A very interesting psychological trick, and it works in 95% of cases. Of course, there are very stubborn people with whom it is difficult to find an approach, but it still exists, you just need to be more inventive.

Call the person by name

In many of his books famous psychologist and writer Dale Carnegie notes that if you want a more loyal attitude towards yourself, then be sure to call the person by name. This psychological technique incredibly helps to influence a person.
For every person, his name is like a kind of spell, a wonderful combination of sounds, and a part of his whole life. Therefore, when someone pronounces it, he becomes one step closer, receives favor, trust and a loyal attitude towards himself.

The use of a person’s social status or titles in speech has a similar effect. If you want to make friends with someone, then call him a friend, speak calmly and measuredly. Over time, this person will also see you as a friend and begin to trust you. If you want to work for someone, then call him boss, thereby showing your recognition and willingness to follow his instructions. Words have incredible power, and correctly chosen and timely words can change any situation and any attitude towards you.

Flatter

It would seem that flattery is the most obvious psychological trick that can influence a person. But it's not that simple. If you are going to flatter, then do it sincerely, because they will immediately see the falsity, and such flattery will do more harm than good.
Scientists have proven that flattery works best with those who have high self-esteem and are confident in achieving their goals. If you flatter such people, you will only confirm their opinion of yourself and feed their growing ego.

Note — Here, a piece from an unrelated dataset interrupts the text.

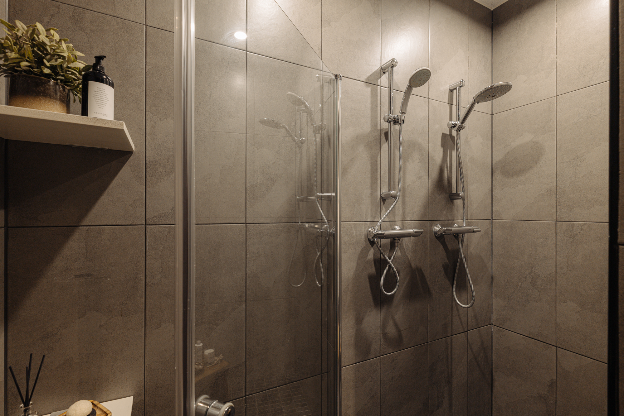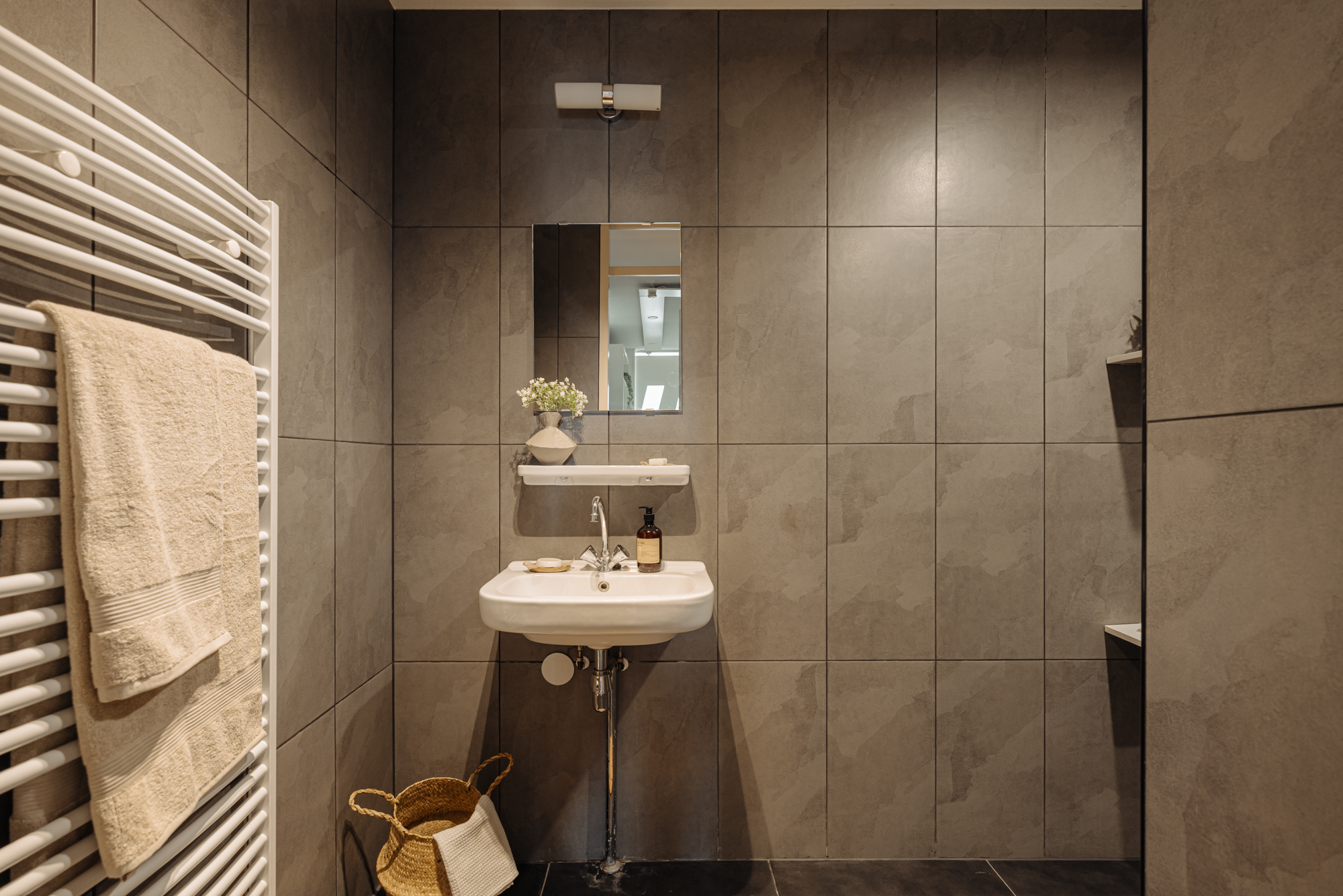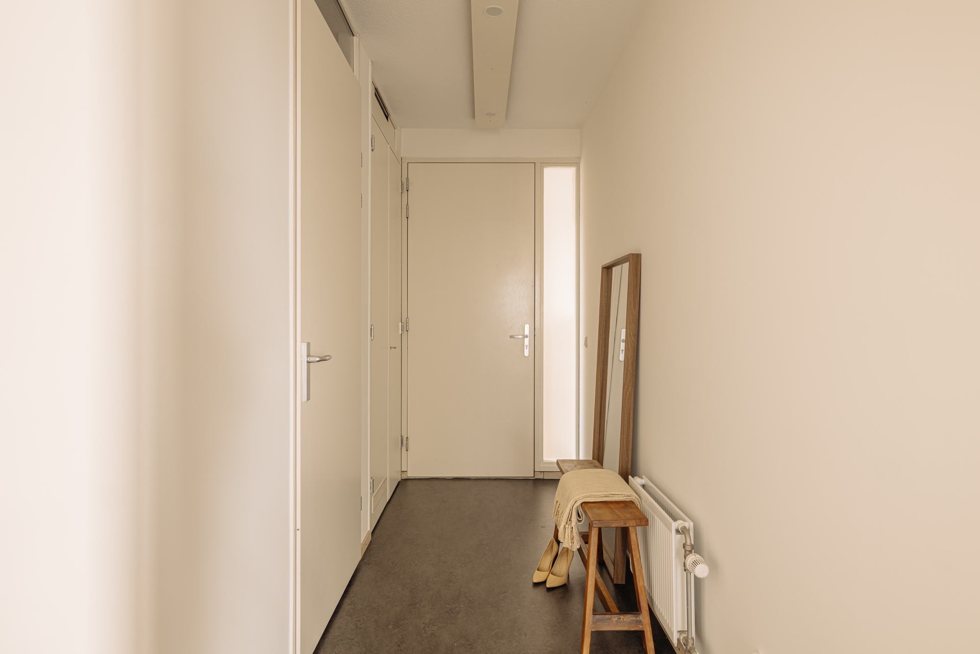 Gemeenschappelijke entree met toegang tot de lift of trap naar de tweede verdieping, waar je via de galerij de woning betreedt. De entree leidt naar een hal die toegang biedt tot een royale interne berging en een luxe badkamer voorzien van een dubbele inloopdouche, een wastafelmeubel en een handdoek-radiator. Vanuit de hal bereik je eveneens twee ruime slaapkamers en een apart toilet.

And if you are going to flatter someone who has low self-esteem, then don't wait good result. Sometimes such actions can cause negative attitude, and vice versa, spoil the opinion of you. Therefore, be careful if you are going to tell someone how good he is.

Reflect

This method is better known as mimicry. Many of you subconscious level they use it without even suspecting that in this way they gain the trust of the interlocutor. You copy behavior, gestures, manner of speaking and explaining yourself. But if you use this technique consciously, it will be many times more effective.

Like attracts like, and people really like to communicate with those who are similar to them and share their opinions and vision of the world. Therefore, if you use mimicry, you will very quickly gain the favor and trust of your interlocutor. Very interesting fact, even some time after the conversation, the person whose actions were reflected is more loyal to all other interlocutors who had nothing to do with the conversation.

Take advantage of weaknesses

Under the influence of alcohol or fatigue protective barriers our brains are weakening. It is in such a situation that a person is most susceptible to influence. If you need to ask for something or get approval for certain actions, then a tired person, in most cases, will give the go-ahead, as long as you don’t touch him or ask a lot of questions. The answer, most likely, will be something like: “Yes, we’ll definitely do it tomorrow. Remind me in the morning.” But in the morning you will achieve what you want, because you already received preliminary consent yesterday.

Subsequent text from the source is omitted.